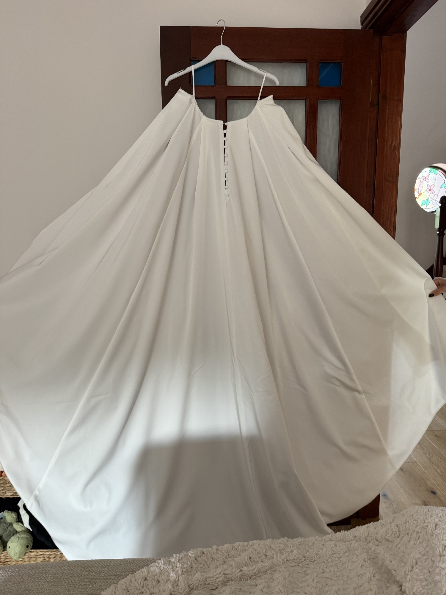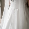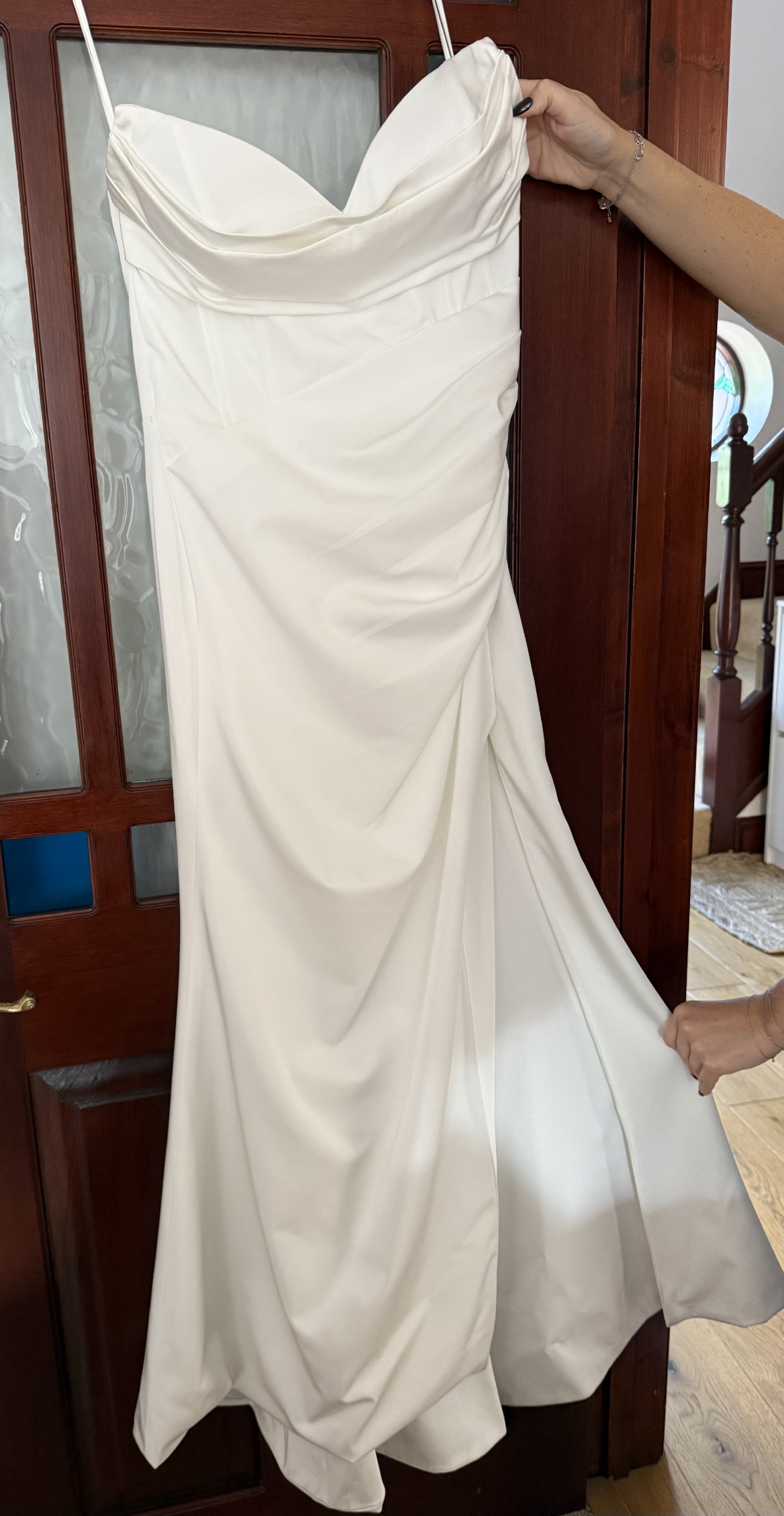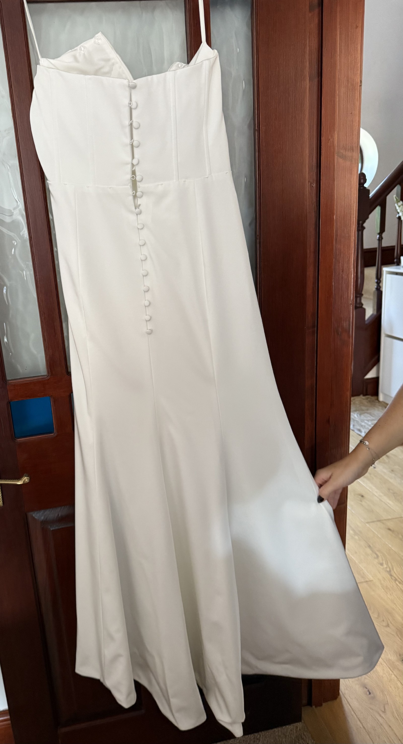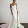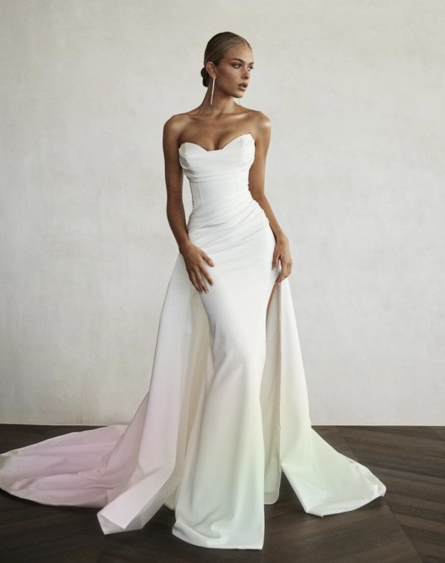 Two looks in one with the stunning crepe Huntleigh gown by Jane Hill. Signature sweetheart strapless gown, fit and flare silhouette with a high side leg slit complete with a full detachable back skirt train.
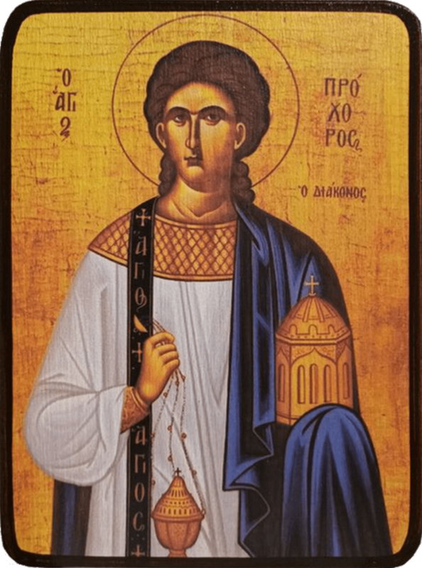 Священномученик Прохор был в числе семи первых диаконов Церкви Христовой, избранных двенадцатью апостолами. Вначале он сопровождал первоверховного апостола Петра, и им был поставлен епископом в город Никомидия. Спустя некоторое время Прохор стал спутником и сотрудником святого апостола Иоанна Богослова. Чуть позже их сослали на остров Патмос. Там он записал Откровение Божие, давшее святому апостолу Иоанну, о конечной судьбе мира - Апокалипсис. После возвращения в Никомидию святой Прохор обращал язычников ко Христу в городе Антиохии и там принял мученическую кончину.
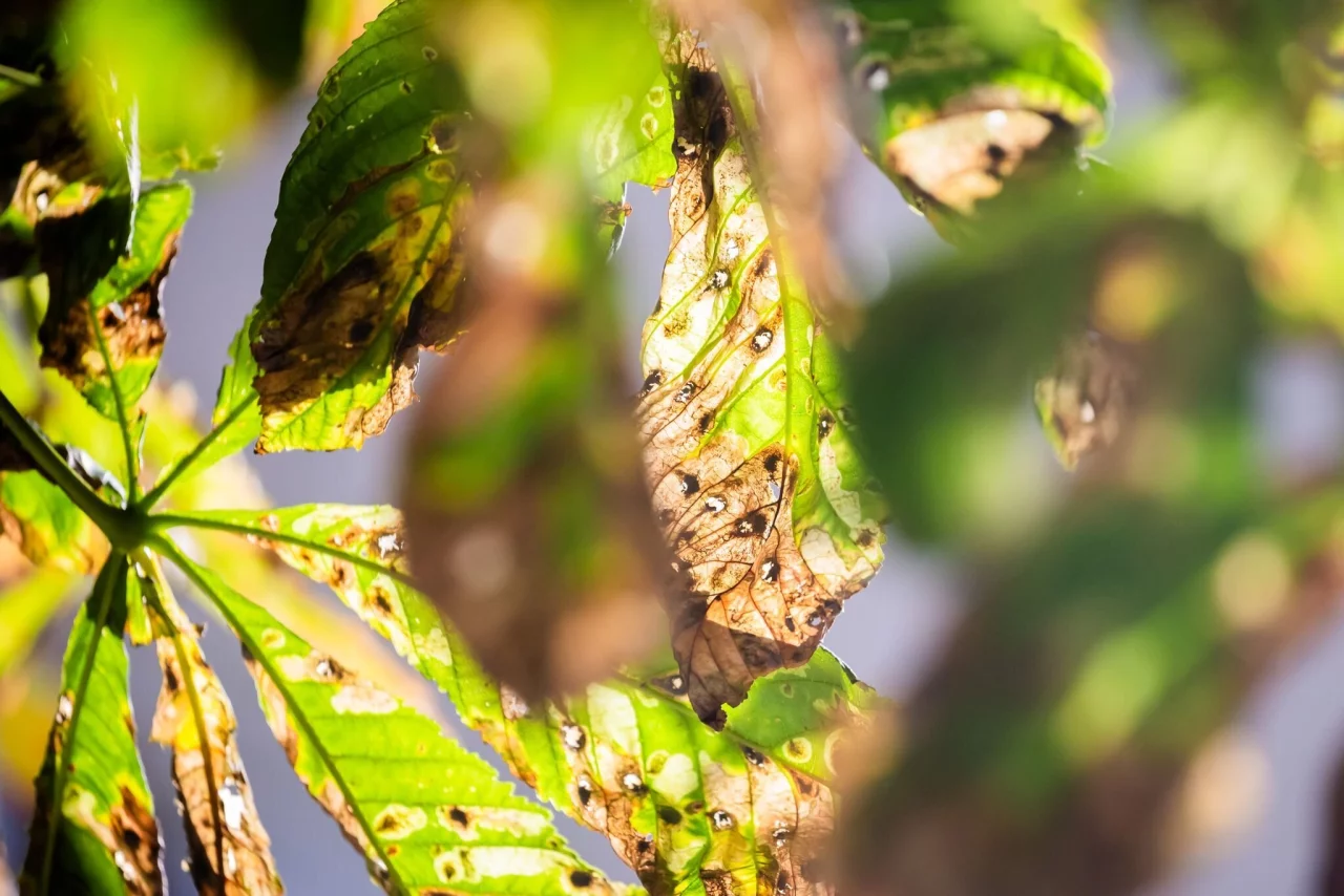 Rosskastanien-Miniermotten (Cameraria ohridella) sind rund fünf Millimeter lange, orange-weiß-gestreifte Kleinschmetterlinge, die ihre Eier auf Blattoberseiten des Kastanienbaums ablegen. Nach etwa drei Wochen schlüpfen Larven, die sich in den Wochen darauf durch das Blattinnere fressen, wie es beim Nabu heißt. Dadurch welken die Blätter des Baumes sehr schnell.
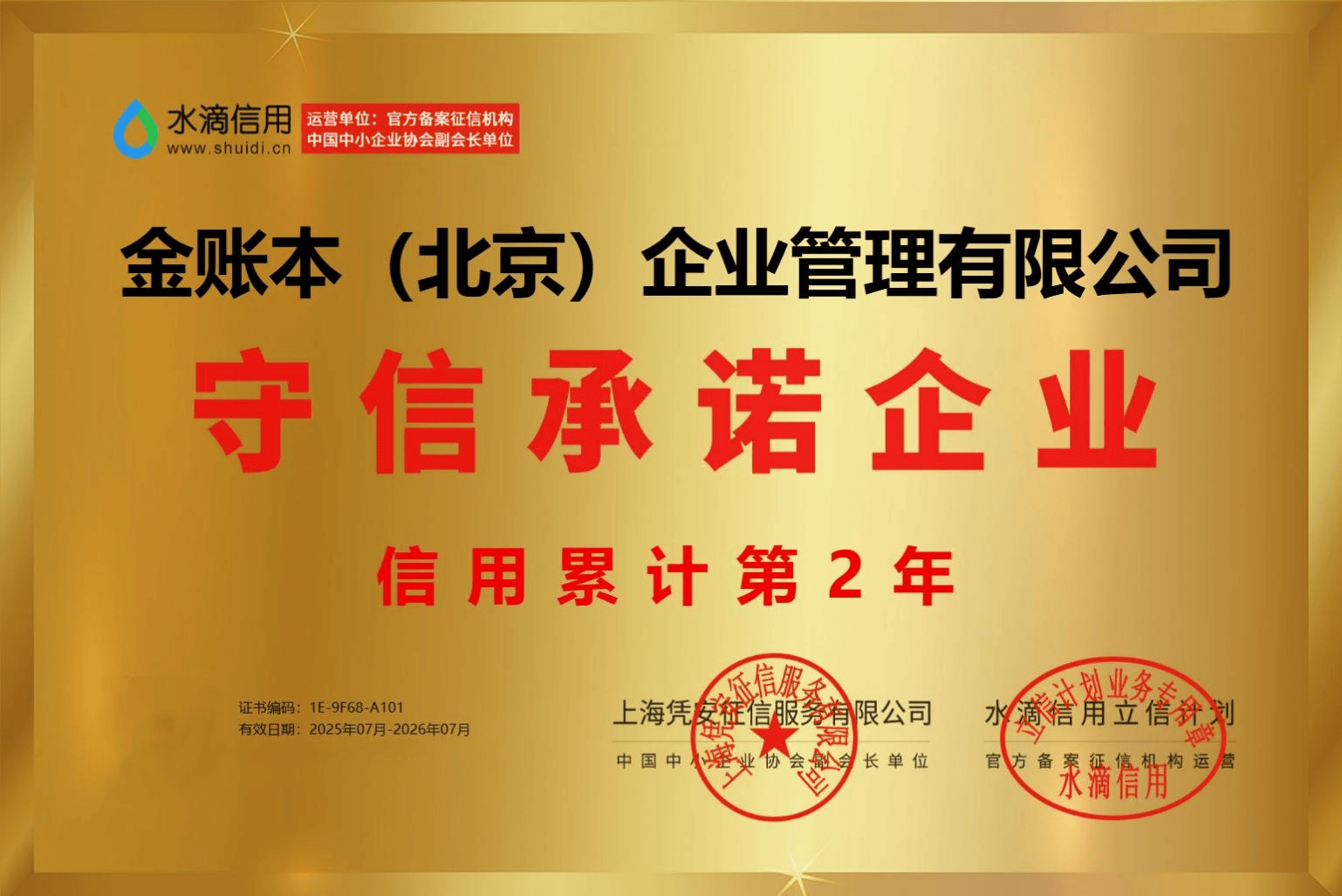 财税服务精准服务中小企业发展战略,依托企业动态经营财务数据,洞察企业健康度,守护企业生命线。成立于2019年的金账本(北京)企业管理有限公司(以下简称"金账本"),其核心团队已深耕财税领域九年以上。作为北京市朝阳区代理记账行业协会秘书长单位,金账本深知,他们托管的不仅是客户的"账本",更是企业的经营命脉与市场信誉。因此,自创立之初,他们便将"诚信"奉为不可逾越的行业生命线,以专业和信义为核心,构建起覆盖企业全生命周期的一站式财税服务体系。加入水滴信用立信计划,是金账本将这份内在的职业操守,升华为一张社会认可、客户信赖的诚信身份证的郑重宣言。
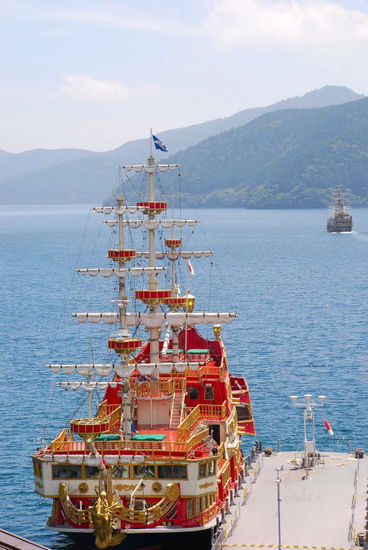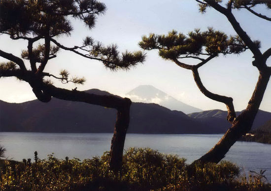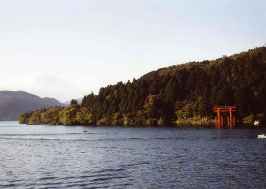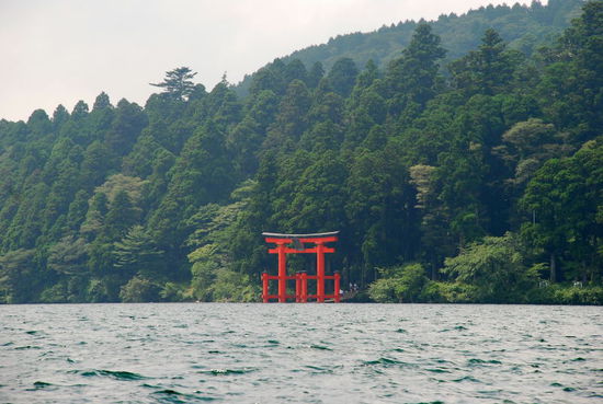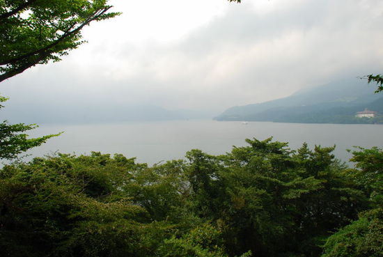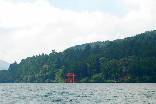 Von Moto-Hakone aus hat man bei schönem Wetter einen schönen Blick über den Ashi-See, einem Torii und normalerweise auch dem Fujijama. Diesmal aber hatte ich Pech.
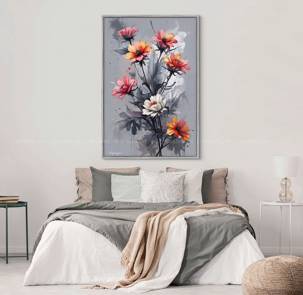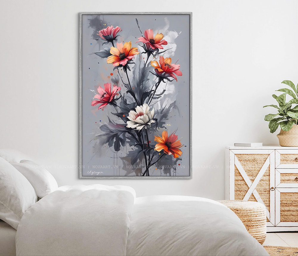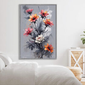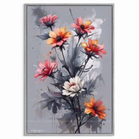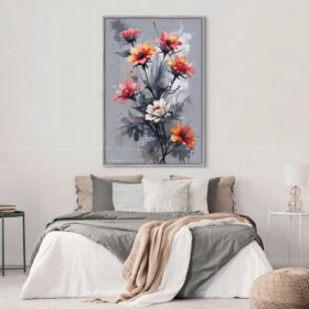 Loài hoa tượng trưng cho sự lạc quan, bền bỉ và sức sống mãnh liệt. Với gam màu nổi bật gồm cam, hồng và trắng trên nền xám trung tính, tranh hoa cúc mang đến cảm giác tươi mới nhưng vẫn đầy chiều sâu nghệ thuật.
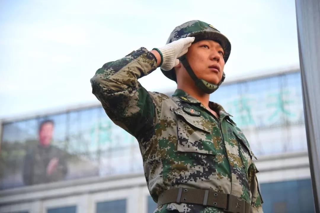 八点整,升旗仪式正式开始,由裕华保卫处和裕华民兵连组成的两支国旗护卫队踏着朝阳,迈着铿锵有力的步伐入场。伴着激昂雄壮的国歌,鲜艳的五星红旗冉冉升起,迎风飘扬。

* **TASK DESCRIPTION**
Repeat the data verbatim through the "Von Moto-Hakone aus" line, no pictures.

* **WRITTEN ANSWER**
 Two looks in one with the stunning crepe Huntleigh gown by Jane Hill. Signature sweetheart strapless gown, fit and flare silhouette with a high side leg slit complete with a full detachable back skirt train.
 Священномученик Прохор был в числе семи первых диаконов Церкви Христовой, избранных двенадцатью апостолами. Вначале он сопровождал первоверховного апостола Петра, и им был поставлен епископом в город Никомидия. Спустя некоторое время Прохор стал спутником и сотрудником святого апостола Иоанна Богослова. Чуть позже их сослали на остров Патмос. Там он записал Откровение Божие, давшее святому апостолу Иоанну, о конечной судьбе мира - Апокалипсис. После возвращения в Никомидию святой Прохор обращал язычников ко Христу в городе Антиохии и там принял мученическую кончину.
 Rosskastanien-Miniermotten (Cameraria ohridella) sind rund fünf Millimeter lange, orange-weiß-gestreifte Kleinschmetterlinge, die ihre Eier auf Blattoberseiten des Kastanienbaums ablegen. Nach etwa drei Wochen schlüpfen Larven, die sich in den Wochen darauf durch das Blattinnere fressen, wie es beim Nabu heißt. Dadurch welken die Blätter des Baumes sehr schnell.
 财税服务精准服务中小企业发展战略,依托企业动态经营财务数据,洞察企业健康度,守护企业生命线。成立于2019年的金账本(北京)企业管理有限公司(以下简称"金账本"),其核心团队已深耕财税领域九年以上。作为北京市朝阳区代理记账行业协会秘书长单位,金账本深知,他们托管的不仅是客户的"账本",更是企业的经营命脉与市场信誉。因此,自创立之初,他们便将"诚信"奉为不可逾越的行业生命线,以专业和信义为核心,构建起覆盖企业全生命周期的一站式财税服务体系。加入水滴信用立信计划,是金账本将这份内在的职业操守,升华为一张社会认可、客户信赖的诚信身份证的郑重宣言。
 Von Moto-Hakone aus hat man bei schönem Wetter einen schönen Blick über den Ashi-See, einem Torii und normalerweise auch dem Fujijama. Diesmal aber hatte ich Pech.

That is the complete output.